> _Aim of the task_
Reproduce the records below exactly from their first line through the line containing "A confident woman", omitting all pictures.

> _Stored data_
== == ==
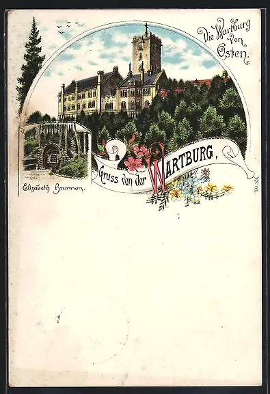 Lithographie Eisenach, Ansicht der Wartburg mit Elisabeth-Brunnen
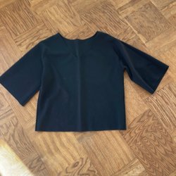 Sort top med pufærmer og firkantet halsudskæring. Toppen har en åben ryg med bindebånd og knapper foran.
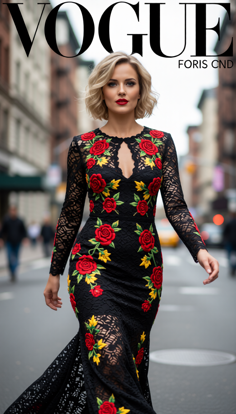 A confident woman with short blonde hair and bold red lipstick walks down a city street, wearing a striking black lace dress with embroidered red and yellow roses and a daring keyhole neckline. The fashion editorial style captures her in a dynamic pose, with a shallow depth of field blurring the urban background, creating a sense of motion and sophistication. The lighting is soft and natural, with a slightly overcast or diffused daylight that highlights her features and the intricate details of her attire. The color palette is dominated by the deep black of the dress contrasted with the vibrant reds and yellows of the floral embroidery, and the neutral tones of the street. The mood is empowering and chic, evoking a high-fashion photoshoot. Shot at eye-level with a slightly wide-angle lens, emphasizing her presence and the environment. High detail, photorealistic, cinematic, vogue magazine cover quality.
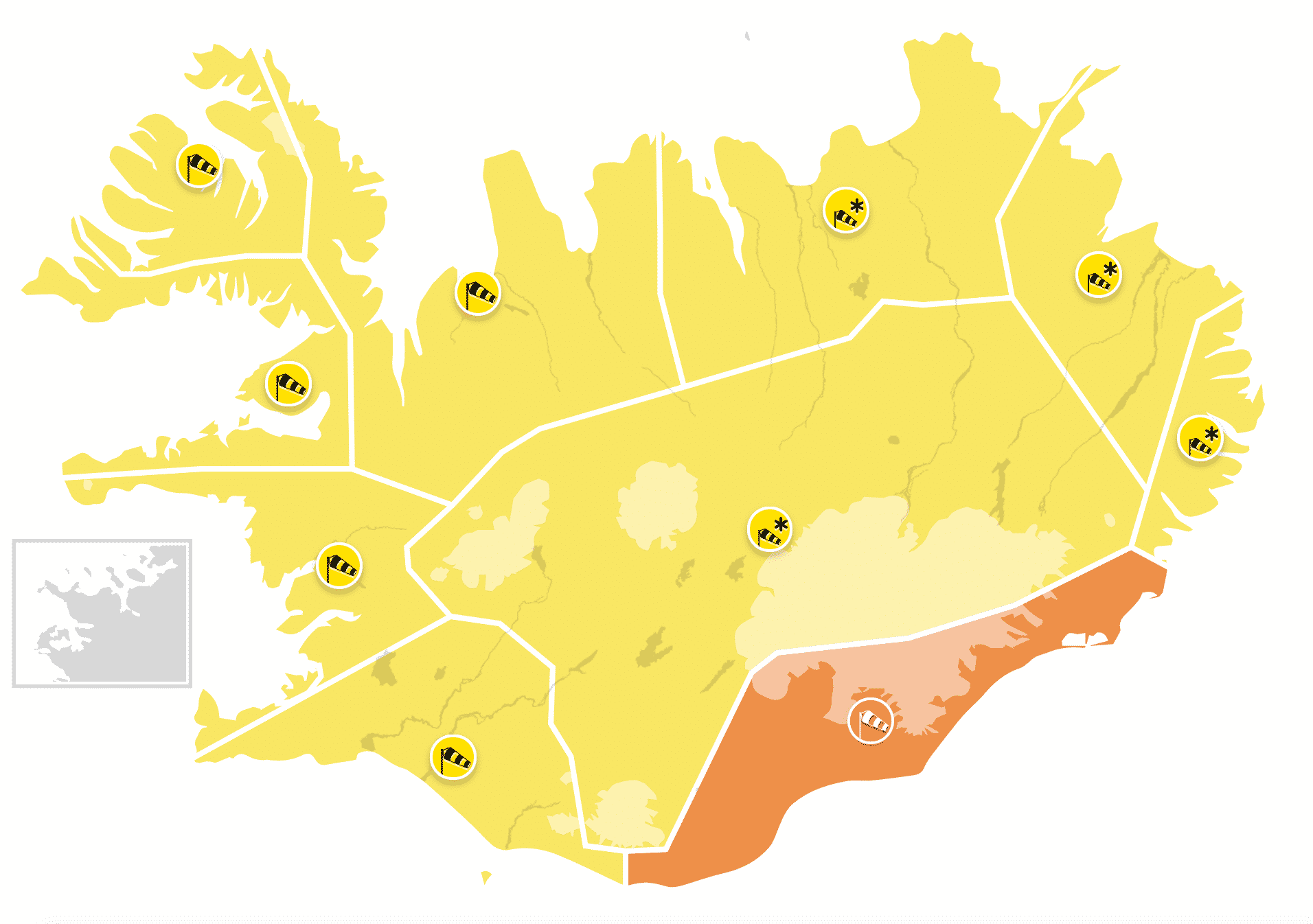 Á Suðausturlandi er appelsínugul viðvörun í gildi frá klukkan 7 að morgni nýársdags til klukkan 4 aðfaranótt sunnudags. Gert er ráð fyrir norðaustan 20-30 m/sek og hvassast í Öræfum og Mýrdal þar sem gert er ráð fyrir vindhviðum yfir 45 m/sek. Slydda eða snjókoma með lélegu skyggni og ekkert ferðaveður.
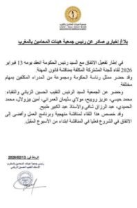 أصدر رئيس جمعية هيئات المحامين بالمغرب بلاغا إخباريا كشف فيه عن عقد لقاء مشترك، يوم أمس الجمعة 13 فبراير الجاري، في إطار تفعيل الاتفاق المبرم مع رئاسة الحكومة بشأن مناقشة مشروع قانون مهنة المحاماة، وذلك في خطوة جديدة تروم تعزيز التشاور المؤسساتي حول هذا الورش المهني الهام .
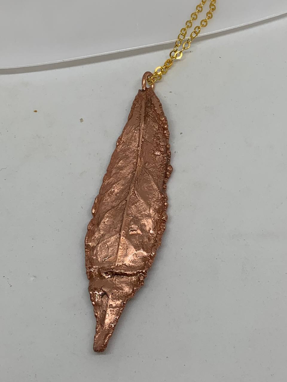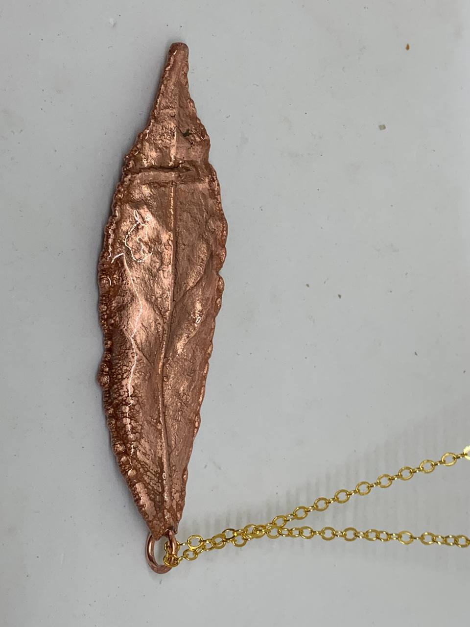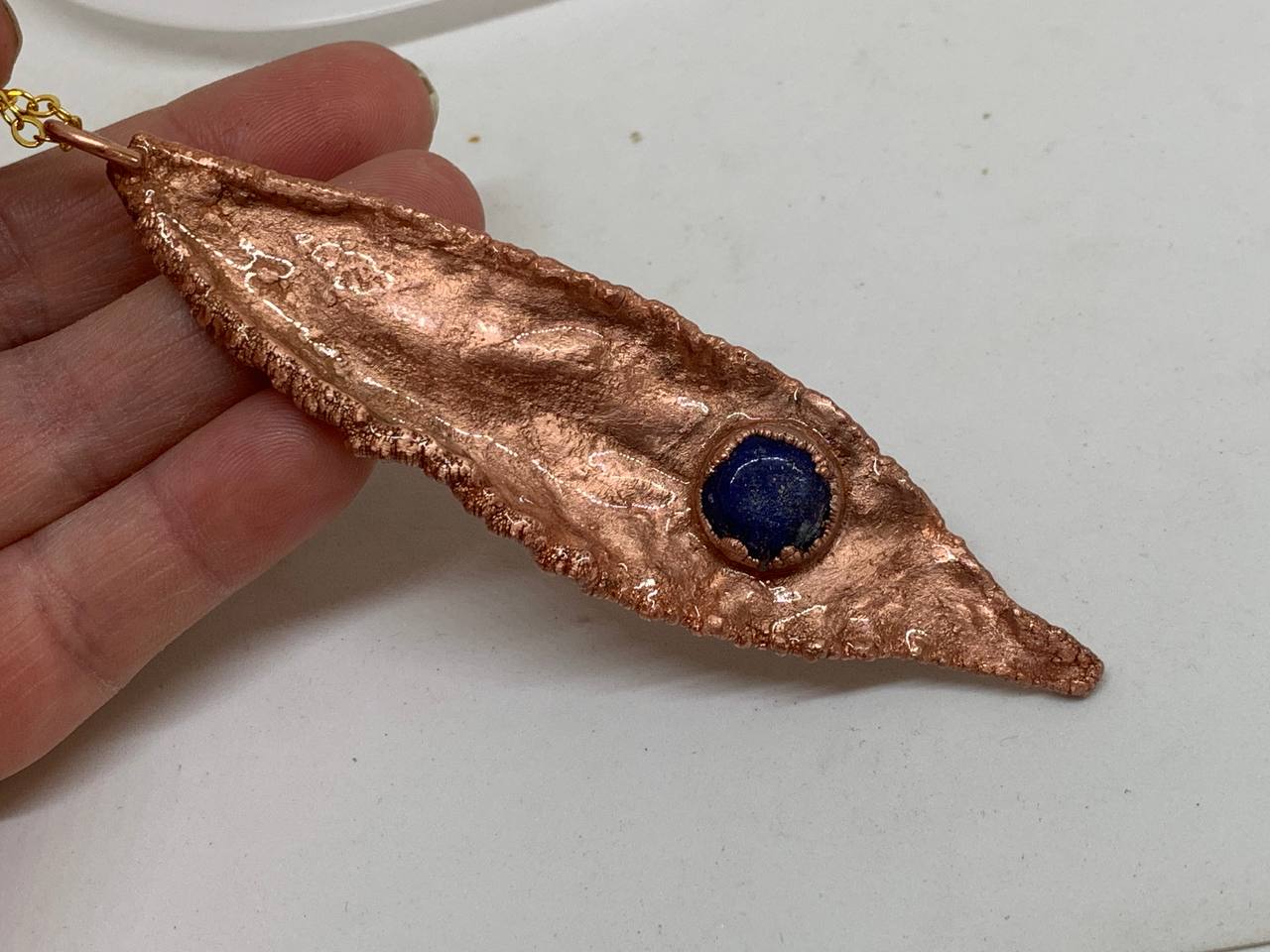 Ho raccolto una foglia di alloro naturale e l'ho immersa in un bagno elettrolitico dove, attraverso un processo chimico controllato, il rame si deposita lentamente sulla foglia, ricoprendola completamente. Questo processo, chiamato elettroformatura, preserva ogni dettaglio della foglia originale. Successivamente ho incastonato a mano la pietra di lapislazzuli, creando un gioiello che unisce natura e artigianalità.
== == ==
> _Response to the exercise_
 Lithographie Eisenach, Ansicht der Wartburg mit Elisabeth-Brunnen
 Sort top med pufærmer og firkantet halsudskæring. Toppen har en åben ryg med bindebånd og knapper foran.
 A confident woman with short blonde hair and bold red lipstick walks down a city street, wearing a striking black lace dress with embroidered red and yellow roses and a daring keyhole neckline. The fashion editorial style captures her in a dynamic pose, with a shallow depth of field blurring the urban background, creating a sense of motion and sophistication. The lighting is soft and natural, with a slightly overcast or diffused daylight that highlights her features and the intricate details of her attire. The color palette is dominated by the deep black of the dress contrasted with the vibrant reds and yellows of the floral embroidery, and the neutral tones of the street. The mood is empowering and chic, evoking a high-fashion photoshoot. Shot at eye-level with a slightly wide-angle lens, emphasizing her presence and the environment. High detail, photorealistic, cinematic, vogue magazine cover quality.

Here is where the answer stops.